The reasons for “whoops” surgery include difficulty in clinically discriminating benign from malignant soft tissue masses . Indeed, sarcomas can mimic lipoma, benign neurogenic tumor, certain infections, and thrombosis, among others [ - ]. Regardless, certain criteria suggestive of STS, including a size over 5 cm, tumor depth, recent growth, and pain, should lead to magnetic resonance imaging (MRI) assessment [ , , ]. A suspicious tumor can present an inhomogeneous density distribution due to complex pathological changes, including bleeding, necrosis, walls, and calcification, as opposed to the usual simple structure and more homogenous density distribution of a benign STT [ ]. As such, the French Sarcoma Group (FSG) expert radiologist team developed an algorithm to guide radiologists in identifying benign versus nonbenign STTs based on the first imaging results [ ].

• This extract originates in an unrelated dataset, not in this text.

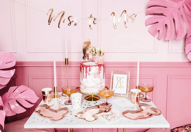 Růžovo zlatá čelenka s nápisem „Bride“ - nevěsta je nezbytným doplňkem k označení budoucí nevěsty na Vaši jedinečné rozlučce se svobodou. S tímto doplňkem všichni poznají, že to právě Vy se budete vdávat!

Another reason that could explain this disparity in the management of patients with sarcoma is the social and geographical factors of an area that can substantially delay reach to expert centers, especially for mountainous and precarious districts . However, the development of the FSG across the country helped to reduce the risk of nonoptimal management by proposing an app to help identify and contact the closest expert center—thus promoting a more homogeneous management for patients with sarcoma [ ].

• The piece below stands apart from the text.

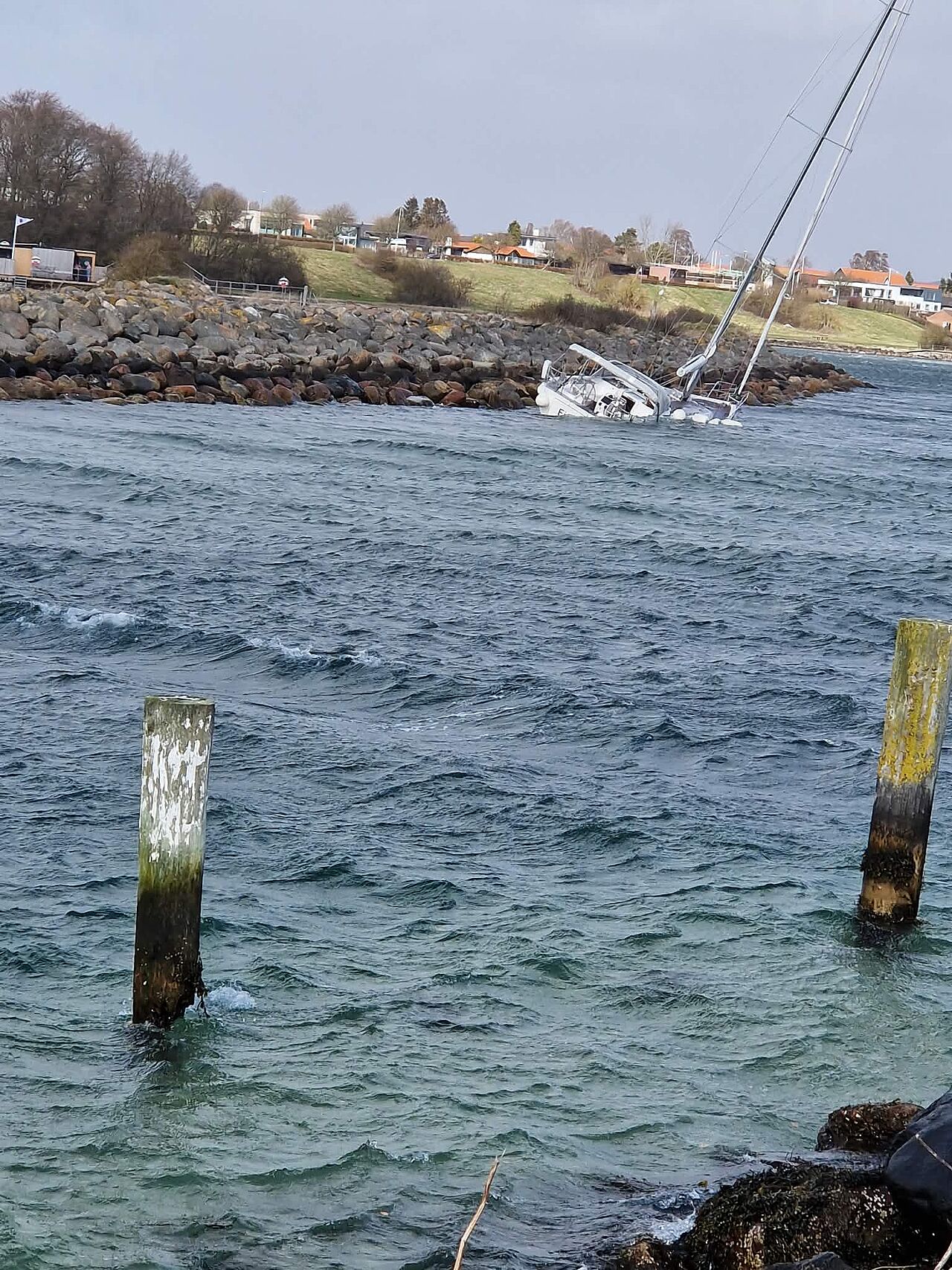 XC 45 fyldt med 1,5 m vand efter slag mod mole ved Egå

Shortening the time interval for referral to an expert center for patients with STS is challenging. To reach most health care providers and raise their awareness, we developed, with the help of Chlorophyll Vision, a mobile app called Sar’Connect in 2021, which aims to increase the rate of early detection of STS and facilitate patient referral to expert centers based on the FSG radiological algorithm and geolocation of health professionals . The FSG radiological algorithm was adapted into a list of 3 to 6 short-answer questions based on clinical and radiologic anonymized information. After answering these questions, users receive 1 of the 3 available pieces of advice for orientation: direct referral to an expert center, necessary complementary imaging, or possible nonexpert center management (Figure S1 in ). To our knowledge, this is the first time that this kind of app was developed for the management of sarcoma. This study is also the first to assess the potential benefits of Sar’Connect, which has been available since April 2021, for the referral and management of patients with STTs [ ].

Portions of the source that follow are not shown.